— DIRECTIONS FOR THIS TASK —
Only one span of the listing below is wanted: the lines from the one with "Лазерный уровень/нивелир Hilda" through the one with "Ковбойская шляпа с", reproduced exactly, both ends kept.

— DATA SHOWN —
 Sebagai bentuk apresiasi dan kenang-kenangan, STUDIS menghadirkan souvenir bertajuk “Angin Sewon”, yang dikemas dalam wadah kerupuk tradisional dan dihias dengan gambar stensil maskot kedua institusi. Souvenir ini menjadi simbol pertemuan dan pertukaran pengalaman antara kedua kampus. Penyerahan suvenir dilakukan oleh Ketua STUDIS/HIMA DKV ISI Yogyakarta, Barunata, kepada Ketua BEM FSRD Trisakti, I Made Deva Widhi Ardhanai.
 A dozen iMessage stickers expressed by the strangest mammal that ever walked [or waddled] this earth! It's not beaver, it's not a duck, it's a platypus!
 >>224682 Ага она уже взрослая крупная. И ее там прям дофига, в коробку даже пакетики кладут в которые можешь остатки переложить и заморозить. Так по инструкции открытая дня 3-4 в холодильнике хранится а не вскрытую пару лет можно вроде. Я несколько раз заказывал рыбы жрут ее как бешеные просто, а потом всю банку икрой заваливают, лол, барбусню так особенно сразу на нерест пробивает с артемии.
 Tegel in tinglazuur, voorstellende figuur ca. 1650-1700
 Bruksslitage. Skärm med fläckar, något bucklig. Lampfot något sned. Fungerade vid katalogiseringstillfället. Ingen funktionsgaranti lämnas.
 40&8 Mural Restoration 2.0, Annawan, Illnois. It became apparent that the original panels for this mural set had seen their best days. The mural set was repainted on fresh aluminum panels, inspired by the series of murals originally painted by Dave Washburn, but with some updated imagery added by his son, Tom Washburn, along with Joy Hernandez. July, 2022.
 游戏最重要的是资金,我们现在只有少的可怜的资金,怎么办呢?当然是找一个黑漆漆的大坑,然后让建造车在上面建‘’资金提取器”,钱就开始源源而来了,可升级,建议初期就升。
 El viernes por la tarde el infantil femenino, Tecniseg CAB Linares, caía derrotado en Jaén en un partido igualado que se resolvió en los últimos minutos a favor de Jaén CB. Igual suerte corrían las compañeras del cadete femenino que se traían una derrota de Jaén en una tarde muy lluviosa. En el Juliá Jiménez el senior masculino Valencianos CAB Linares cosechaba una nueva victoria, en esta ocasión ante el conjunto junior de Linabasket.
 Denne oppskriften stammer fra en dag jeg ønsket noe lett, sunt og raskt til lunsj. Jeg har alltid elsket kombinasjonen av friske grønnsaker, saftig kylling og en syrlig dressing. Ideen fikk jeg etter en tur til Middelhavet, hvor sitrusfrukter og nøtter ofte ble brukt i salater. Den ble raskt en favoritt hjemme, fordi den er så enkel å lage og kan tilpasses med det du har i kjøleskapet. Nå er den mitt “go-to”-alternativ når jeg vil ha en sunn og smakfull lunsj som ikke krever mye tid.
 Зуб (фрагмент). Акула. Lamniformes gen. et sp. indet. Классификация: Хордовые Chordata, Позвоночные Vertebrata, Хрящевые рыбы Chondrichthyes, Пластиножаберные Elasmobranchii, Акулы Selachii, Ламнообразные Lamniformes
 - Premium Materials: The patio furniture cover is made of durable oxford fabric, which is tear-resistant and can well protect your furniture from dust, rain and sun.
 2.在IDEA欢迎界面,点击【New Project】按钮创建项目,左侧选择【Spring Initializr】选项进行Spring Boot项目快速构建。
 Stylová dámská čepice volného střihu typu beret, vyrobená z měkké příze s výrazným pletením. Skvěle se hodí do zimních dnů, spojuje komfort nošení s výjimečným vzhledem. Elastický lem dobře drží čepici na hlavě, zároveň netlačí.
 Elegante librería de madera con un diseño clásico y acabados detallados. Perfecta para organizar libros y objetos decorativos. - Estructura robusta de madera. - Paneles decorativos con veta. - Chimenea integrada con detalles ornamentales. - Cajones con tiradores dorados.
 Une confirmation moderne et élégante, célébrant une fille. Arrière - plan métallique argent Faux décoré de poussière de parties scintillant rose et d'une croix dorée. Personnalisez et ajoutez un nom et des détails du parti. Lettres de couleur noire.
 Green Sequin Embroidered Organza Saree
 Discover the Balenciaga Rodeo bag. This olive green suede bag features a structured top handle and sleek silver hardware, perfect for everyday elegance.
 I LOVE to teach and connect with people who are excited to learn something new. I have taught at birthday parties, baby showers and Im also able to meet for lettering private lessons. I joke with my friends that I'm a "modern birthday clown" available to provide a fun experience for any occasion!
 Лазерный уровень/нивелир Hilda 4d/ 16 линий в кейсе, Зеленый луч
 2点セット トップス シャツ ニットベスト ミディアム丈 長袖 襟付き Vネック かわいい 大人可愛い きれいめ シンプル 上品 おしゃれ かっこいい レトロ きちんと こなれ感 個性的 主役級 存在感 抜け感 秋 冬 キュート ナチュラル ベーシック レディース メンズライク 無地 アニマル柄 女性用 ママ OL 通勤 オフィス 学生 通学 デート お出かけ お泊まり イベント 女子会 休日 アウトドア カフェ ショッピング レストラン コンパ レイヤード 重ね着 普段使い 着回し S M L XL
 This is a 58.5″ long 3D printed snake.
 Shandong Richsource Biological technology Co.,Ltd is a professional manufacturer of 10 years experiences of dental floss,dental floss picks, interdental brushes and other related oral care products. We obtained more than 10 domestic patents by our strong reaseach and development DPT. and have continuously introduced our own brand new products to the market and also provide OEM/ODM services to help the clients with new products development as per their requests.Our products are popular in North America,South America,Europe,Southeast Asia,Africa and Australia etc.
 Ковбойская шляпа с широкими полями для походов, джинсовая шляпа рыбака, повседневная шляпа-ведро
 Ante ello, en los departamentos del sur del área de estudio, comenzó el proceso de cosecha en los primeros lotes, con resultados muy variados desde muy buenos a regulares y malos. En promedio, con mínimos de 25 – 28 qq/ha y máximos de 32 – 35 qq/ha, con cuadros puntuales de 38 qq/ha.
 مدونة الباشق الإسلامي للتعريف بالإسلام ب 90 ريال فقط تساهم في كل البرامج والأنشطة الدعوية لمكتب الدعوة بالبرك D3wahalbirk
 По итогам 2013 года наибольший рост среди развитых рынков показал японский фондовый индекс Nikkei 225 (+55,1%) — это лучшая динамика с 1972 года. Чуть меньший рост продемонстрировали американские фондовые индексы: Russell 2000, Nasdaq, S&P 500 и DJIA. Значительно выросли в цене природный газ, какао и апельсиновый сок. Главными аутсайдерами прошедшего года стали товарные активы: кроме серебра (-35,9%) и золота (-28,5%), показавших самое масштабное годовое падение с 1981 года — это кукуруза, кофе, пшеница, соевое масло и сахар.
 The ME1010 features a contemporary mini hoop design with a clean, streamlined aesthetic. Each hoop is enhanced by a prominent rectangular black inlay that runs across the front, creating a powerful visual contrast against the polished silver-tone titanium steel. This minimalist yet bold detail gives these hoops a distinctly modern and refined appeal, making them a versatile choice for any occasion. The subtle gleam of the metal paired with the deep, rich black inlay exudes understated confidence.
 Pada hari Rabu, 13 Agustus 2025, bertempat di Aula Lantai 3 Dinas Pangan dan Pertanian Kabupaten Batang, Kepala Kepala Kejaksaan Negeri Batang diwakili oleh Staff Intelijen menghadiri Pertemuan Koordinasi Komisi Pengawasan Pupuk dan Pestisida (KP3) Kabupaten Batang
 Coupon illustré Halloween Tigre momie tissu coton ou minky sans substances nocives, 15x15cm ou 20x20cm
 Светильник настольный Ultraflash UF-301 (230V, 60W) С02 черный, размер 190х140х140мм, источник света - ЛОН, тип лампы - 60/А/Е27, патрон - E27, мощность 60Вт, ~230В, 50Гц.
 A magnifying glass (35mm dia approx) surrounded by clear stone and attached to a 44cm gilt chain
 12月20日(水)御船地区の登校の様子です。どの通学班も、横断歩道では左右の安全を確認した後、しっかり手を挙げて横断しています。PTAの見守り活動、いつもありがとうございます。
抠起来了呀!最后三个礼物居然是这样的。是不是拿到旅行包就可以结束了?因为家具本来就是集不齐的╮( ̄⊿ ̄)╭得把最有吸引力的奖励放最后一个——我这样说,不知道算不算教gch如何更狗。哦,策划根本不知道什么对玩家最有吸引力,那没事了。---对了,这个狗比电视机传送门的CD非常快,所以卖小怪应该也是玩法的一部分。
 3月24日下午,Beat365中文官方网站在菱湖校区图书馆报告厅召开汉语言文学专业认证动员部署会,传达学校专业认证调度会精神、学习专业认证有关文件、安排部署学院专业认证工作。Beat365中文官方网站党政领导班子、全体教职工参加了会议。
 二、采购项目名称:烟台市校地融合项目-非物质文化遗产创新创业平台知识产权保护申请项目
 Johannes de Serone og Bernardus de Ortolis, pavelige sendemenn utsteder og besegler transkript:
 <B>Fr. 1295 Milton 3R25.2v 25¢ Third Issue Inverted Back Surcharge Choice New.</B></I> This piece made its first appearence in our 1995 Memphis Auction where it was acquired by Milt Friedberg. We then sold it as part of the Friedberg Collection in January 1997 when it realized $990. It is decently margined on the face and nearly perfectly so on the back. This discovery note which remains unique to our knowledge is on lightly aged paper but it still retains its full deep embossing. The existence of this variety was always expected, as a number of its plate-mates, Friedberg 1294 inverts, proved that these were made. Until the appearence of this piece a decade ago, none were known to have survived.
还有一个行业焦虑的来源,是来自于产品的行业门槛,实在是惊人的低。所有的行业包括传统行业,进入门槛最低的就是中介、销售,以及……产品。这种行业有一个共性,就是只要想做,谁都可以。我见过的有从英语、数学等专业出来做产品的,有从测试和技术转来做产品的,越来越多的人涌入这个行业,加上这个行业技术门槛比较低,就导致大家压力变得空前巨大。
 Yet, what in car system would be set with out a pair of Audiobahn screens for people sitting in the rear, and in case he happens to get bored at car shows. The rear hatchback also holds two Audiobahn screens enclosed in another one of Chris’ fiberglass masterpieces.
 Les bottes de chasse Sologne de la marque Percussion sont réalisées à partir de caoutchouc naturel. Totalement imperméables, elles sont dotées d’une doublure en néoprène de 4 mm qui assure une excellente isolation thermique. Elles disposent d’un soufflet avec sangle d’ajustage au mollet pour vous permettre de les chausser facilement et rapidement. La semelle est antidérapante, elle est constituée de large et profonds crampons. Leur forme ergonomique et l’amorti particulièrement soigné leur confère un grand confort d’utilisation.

— TASK OUTPUT —
 Лазерный уровень/нивелир Hilda 4d/ 16 линий в кейсе, Зеленый луч
 2点セット トップス シャツ ニットベスト ミディアム丈 長袖 襟付き Vネック かわいい 大人可愛い きれいめ シンプル 上品 おしゃれ かっこいい レトロ きちんと こなれ感 個性的 主役級 存在感 抜け感 秋 冬 キュート ナチュラル ベーシック レディース メンズライク 無地 アニマル柄 女性用 ママ OL 通勤 オフィス 学生 通学 デート お出かけ お泊まり イベント 女子会 休日 アウトドア カフェ ショッピング レストラン コンパ レイヤード 重ね着 普段使い 着回し S M L XL
 This is a 58.5″ long 3D printed snake.
 Shandong Richsource Biological technology Co.,Ltd is a professional manufacturer of 10 years experiences of dental floss,dental floss picks, interdental brushes and other related oral care products. We obtained more than 10 domestic patents by our strong reaseach and development DPT. and have continuously introduced our own brand new products to the market and also provide OEM/ODM services to help the clients with new products development as per their requests.Our products are popular in North America,South America,Europe,Southeast Asia,Africa and Australia etc.
 Ковбойская шляпа с широкими полями для походов, джинсовая шляпа рыбака, повседневная шляпа-ведро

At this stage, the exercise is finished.